2.2 Participants and data sources

The ICU is equipped with Dräger Delta vital sign monitoring systems (Drägerwerk, Lübeck, Germany). Patient information, laboratory values, blood gas analysis (BGA), and vital parameters were obtained from the electronic patient records (Integrated Care Manager V10, Drägerwerk, Lübeck, Germany) with its dedicated data retrieval software (ICMiq V1.4, Drägerwerk, Lübeck, Germany). Data collection also included demographic information, aSAH-specific information, such as aneurysm location, and distinct clinical evaluation scores such as the Glasgow Coma Scale (GCS), WFNS grading system, Hunt & Hess score, and Fisher score.
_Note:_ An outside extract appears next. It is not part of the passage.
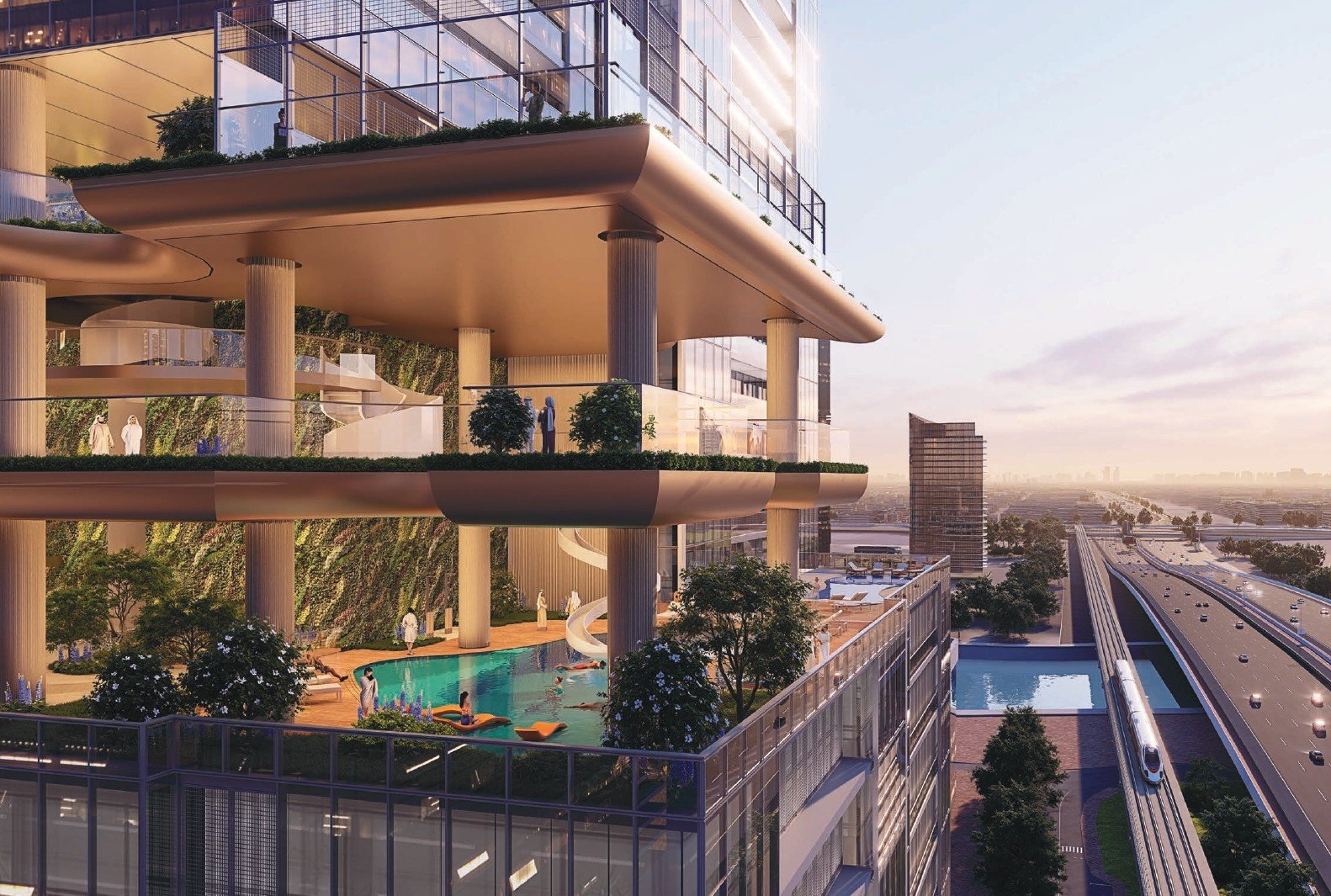 Rising majestically along the iconic Sheikh Zayed Road, Sobha SkyParks is more than a residential tower; it is a visionary landmark redefining vertical living in Dubai. This architectural marvel soars 450 meters, offering residents breathtaking panoramic views of the city skyline, the Arabian Sea, and the vibrant Downtown district. Sobha SkyParks introduces a revolutionary concept with its four distinct, six-story-high vertical gardens, creating unique “worlds in the sky” dedicated to adventure, active life, lush greenery, and luxurious resort-style living. These SkyParks provide an unparalleled amenity experience, blending indoor and outdoor spaces for leisure, wellness, and social connection high above the city. The 684 residences, ranging from one to four-bedroom apartments and exclusive duplexes, are designed with expansive windows and private balconies to maximize light and vistas. Positioned for ultimate connectivity, Sobha SkyParks offers effortless access to key destinations like Business Bay, DIFC, and Downtown Dubai, while providing a serene sanctuary above the clouds. It represents the pinnacle of elegance and innovation, where life is elevated in every sense.

The extent of intraventricular haemorrhage was measured using the original Graeb score [18].

2.3 Preprocessing

Preprocessing was carried out as previously described [9]. The deidentified data were processed using the R programming language and its Tidyverse package, [19] as well as Python (pandas, numpy). The complete preprocessing procedure, including the list of features, is described in Supplementary Tables 2 and can be accessed via the publicly available GitHub repository: https://github.com/agschweingruber/sah. Blood gas analysis (BGA) and laboratory results are stored automatically in the system and are updated in real time. Some laboratory values, such as C-reactive protein (CRP) and white blood cell count, were obtained once daily, while a BGA was performed at least every four hours for patients undergoing invasive ventilation. All physicians and nursing staff were trained in the documentation system and digitally documented vital signs at least hourly or in response to special events. The medication and its dosage were manually assigned in the system and were not changed automatically. Scores were entered using drop-down menus in the software interface, and a dictionary of defined groups based on string values was also used to support the study. We implemented data standardization by averaging the recorded values on an hourly basis due to their nonstandard original intervals. This affected mainly the vital parameters, which were recorded at a resolution varying between 30 and 60 min, as determined by caregivers or physicians.

2.4 Supervised learning

Three machine learning models were employed and compared: extreme gradient boosting (XGBoost [20]), long short-term memory (LSTM [21]) and logistic regression. The LSTM model is a type of RNN that can process sequences of data and determine whether the information is retained or discarded. The initial seven days of data were utilized as the primary input for the analysis. Clinical scores at baseline for patients with aSAH were used as a baseline for predicting the dependence on a VP shunt. We aimed to develop a model that is robust to raw datasets with missing features from various clinical sources. Model training and tuning were conducted using a nested K-fold cross-validation approach. This approach involves dividing the data into six parts and using one part as the held-out test set while training the model on the remaining five parts. Division was stratified according to the target. This process was repeated six times to obtain a more robust estimate of model performance.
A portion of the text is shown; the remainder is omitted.